# Keyword Issue



## Japanguy (Dec 27, 2011)

Hello all,

I'm have some trouble with a few of my keywords. As you may have guessed by my name I do speak a bit of Japanese. The issue at had is that my Japanese character keywords stopped displaying properly in the modules (they appear as those squares) but they are still list correctly in the drop down menus. Any ideas on what to do?


----------



## Victoria Bampton (Dec 27, 2011)

Hi Japanguy, welcome to the forum!

Are you using Lightroom set to English or Japanese?  Has it worked before?  My first thought is some kind of font issue.


----------



## Japanguy (Dec 27, 2011)

Lightroom is set to English. It worked when a was creating the keywords. However the next time I opened the program it did not.. I can add new Japanese keywords and the menu bar displays correctly...but the modules are the thorn in my side.


----------



## clee01l (Dec 27, 2011)

Japanguy, It sure sounds like a DBCS issue.  Do you have a Japanese version of Windows? How about your computer? Was it manufactured for the US or Japan?  Have you made any changes to the Region and Language settings in the Windows Control panel  What languages and keyboards do you have installed?  There are hotkeys that switch between languages.  These conflict with the many hot keys in use in LR.  Accidently switching regions and langusges can cause unexpected results in LR. (it happened to me).


----------



## Japanguy (Dec 28, 2011)

I have a Us version of windows 7 which has Japanese support. Its registered as a US pc. I currently have English as my primary language with a Japanese keyboard installed. I actually tried switching Lightroom to Japan region, but the keyword problem remained.


----------



## clee01l (Dec 28, 2011)

I'm not sure how much help I can be.  I am reasonably sure the problem is a combination of settings (Lightroom's and Windows.)  I'm not certain what combination is needed to give the correct result.  
When you go to Windows Text Services & Input languages dialog, What shows in the dropdown list of input languages? Here is a screen Shot from my Control Panel Region And Languages applet as an example.  





My current setting is English US and my kayboard map is standard US.   Can I assume that your Japanese keyboard has a standard QWERTY layout with Kana on additional keys (like this example)

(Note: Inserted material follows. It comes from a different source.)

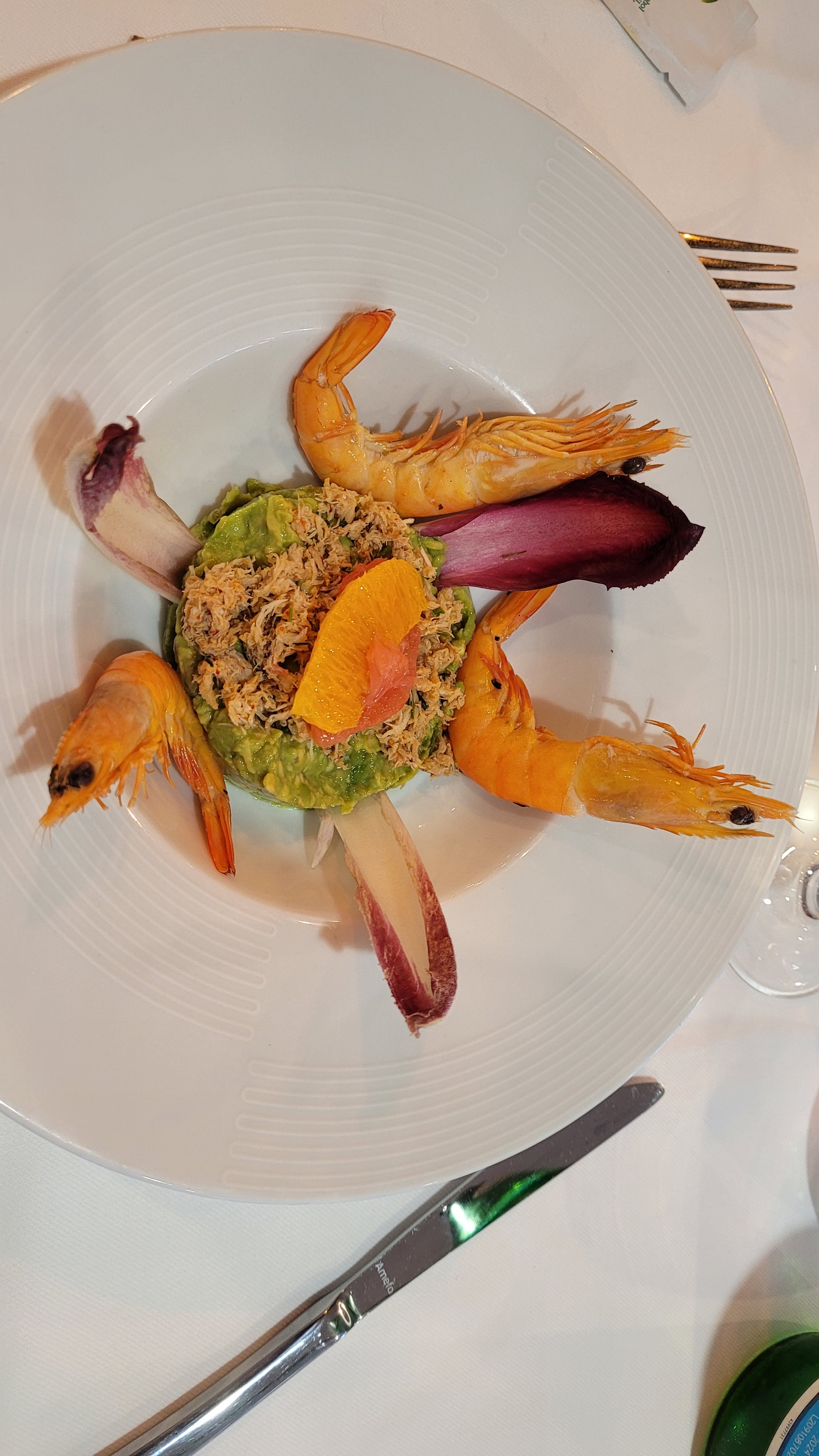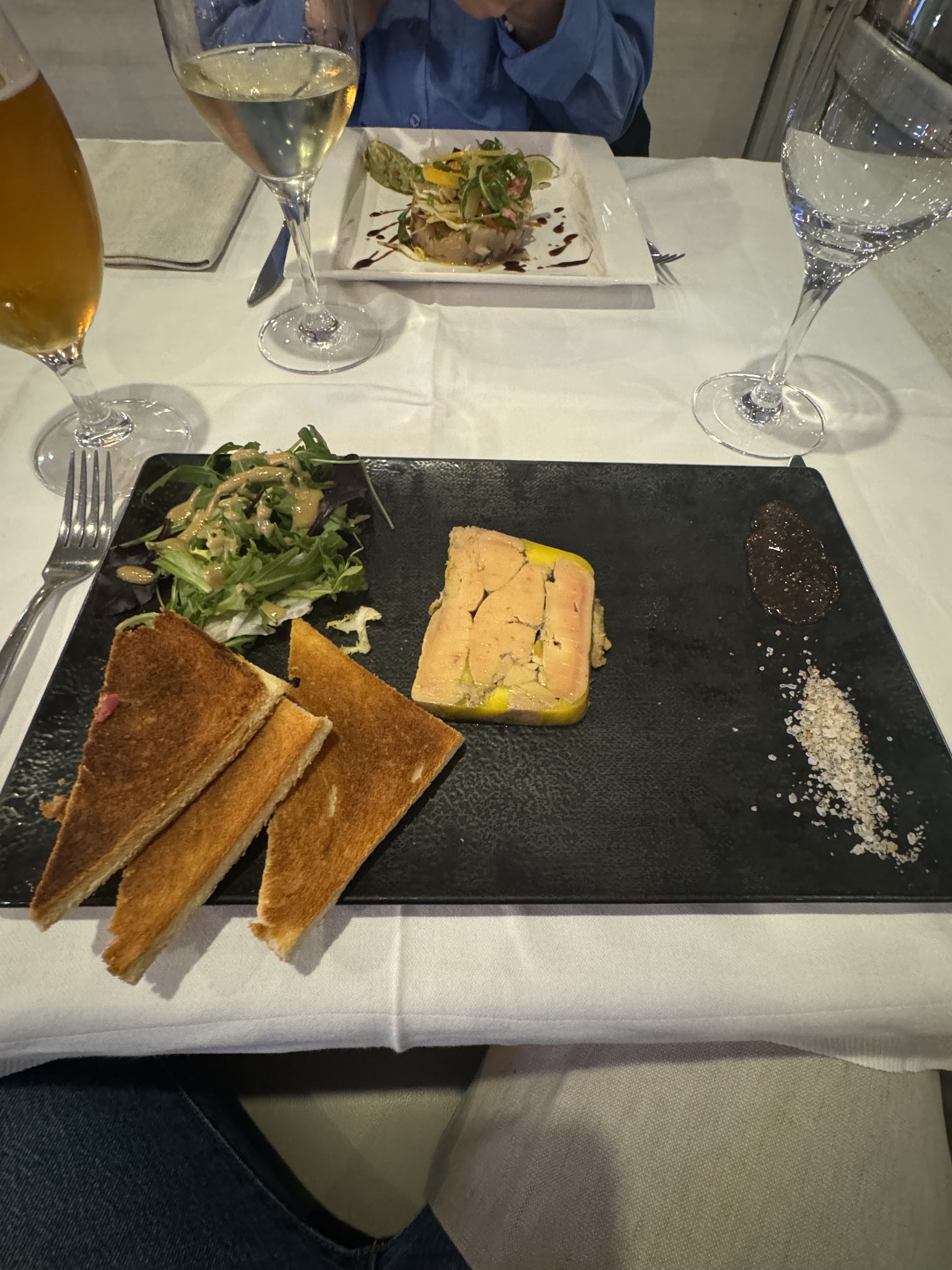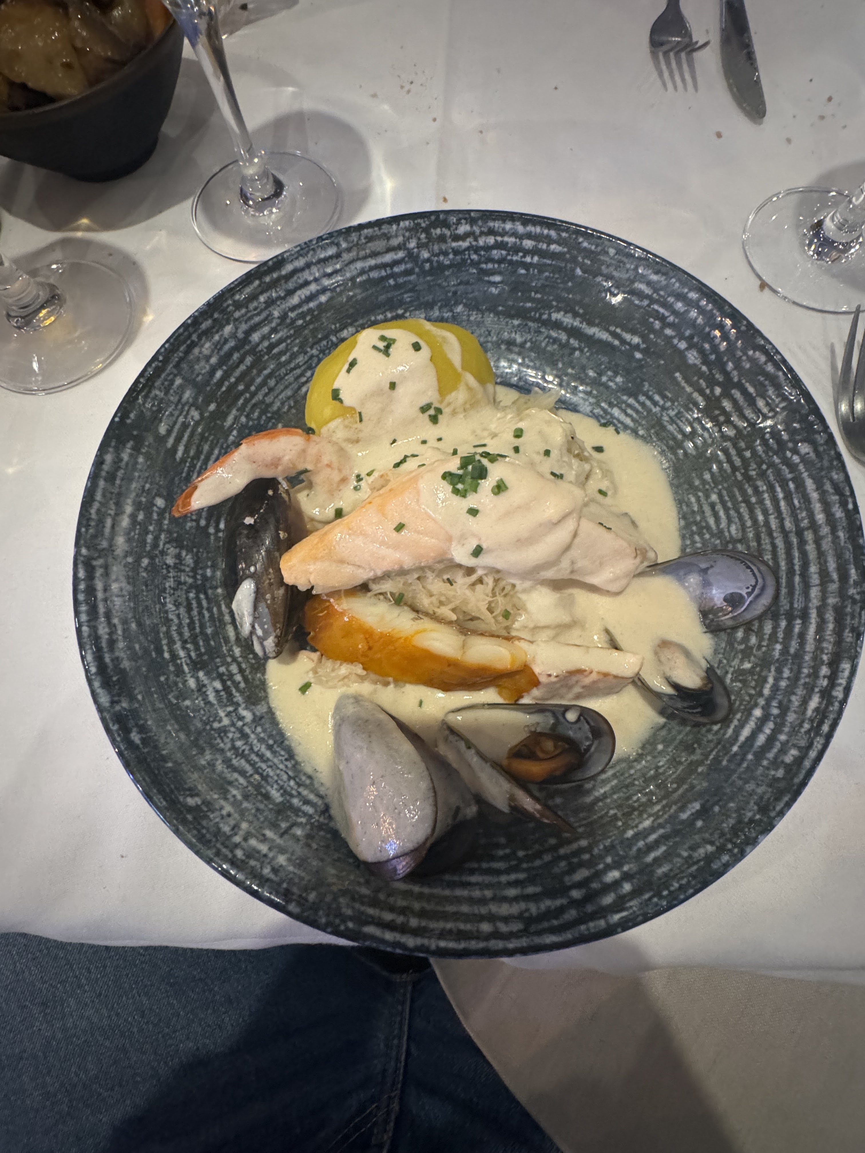 Si j'avais eu la possibilité j'aurai mis 4,5 sur 5 mais bon, Le cadre est très élégant mais malheureusement trop bruyant. Alors que mes accompagnants ont pris le trio avec des calamars et des crevettes, le serveur m'a apporté une petite rillette de morue, sympathique 😊 En plat, la choucroute était raffinée et la morue dans le jus de poireaux était succulente! Et les sushis 🍣 OSAKA était un délice !! Mais malheureusement les plats manquaient de saveurs... Pour finir, les desserts comme le nougats glacé ou la pièmentaise (Glace, caramel,...) étaient parfait ! Ce restaurant mérite tout de même la 1er place sur TripAdvisor 😊

Can you post a screen shot of your Windows Text Services & Input languages dialog?  I don't know if this will help me make some suggestions, but it is worth the try.


----------



## Japanguy (Dec 28, 2011)

*My Language settings*

This is what I have in my settings:



I'm starting to believe it my be an issue with the font used by Lightroom for certain menus...


----------



## clee01l (Dec 28, 2011)

Japanguy said:


> This is what I have in my settings:
> 
> View attachment 1593
> 
> I'm starting to believe it my be an issue with the font used by Lightroom for certain menus...


Your settings are as I might have expected.  I don't see anything to adjust.  The fonts used by Lightroom should be the same as those provided by windows.  Certainly I would expect that a few of these fonts might not be unicode or DBCS 

Could you give an example of where the DBCS characters display correctly and another where they display as empty boxes? I'm not sure I understand what you meant initially when you said





> Japanese character keywords stopped displaying properly in the modules (they appear as those squares) but they are still list correctly in the drop down menus.


----------



## Japanguy (Dec 28, 2011)

I nailed it after your last comment. I went searching for editing Lightroom fonts and I found Jefferey's Lightroom Configuration Manager. I changed all the fonts to Meiryo, and boom. Problem solved. 

Thanks for all the help.


----------



## clee01l (Dec 28, 2011)

Japanguy said:


> I nailed it after your last comment. I went searching for editing Lightroom fonts and I found Jefferey's Lightroom Configuration Manager. I changed all the fonts to Meiryo, and boom. Problem solved.
> 
> Thanks for all the help.


Yes, I should have expected Jeffrey Freidl to have worked this through.  And I am glad you solved it because I had run through all of my ideas!


----------



## Victoria Bampton (Dec 28, 2011)

Great job guys!  And thanks for posting back the solution - we all learned something here.


----------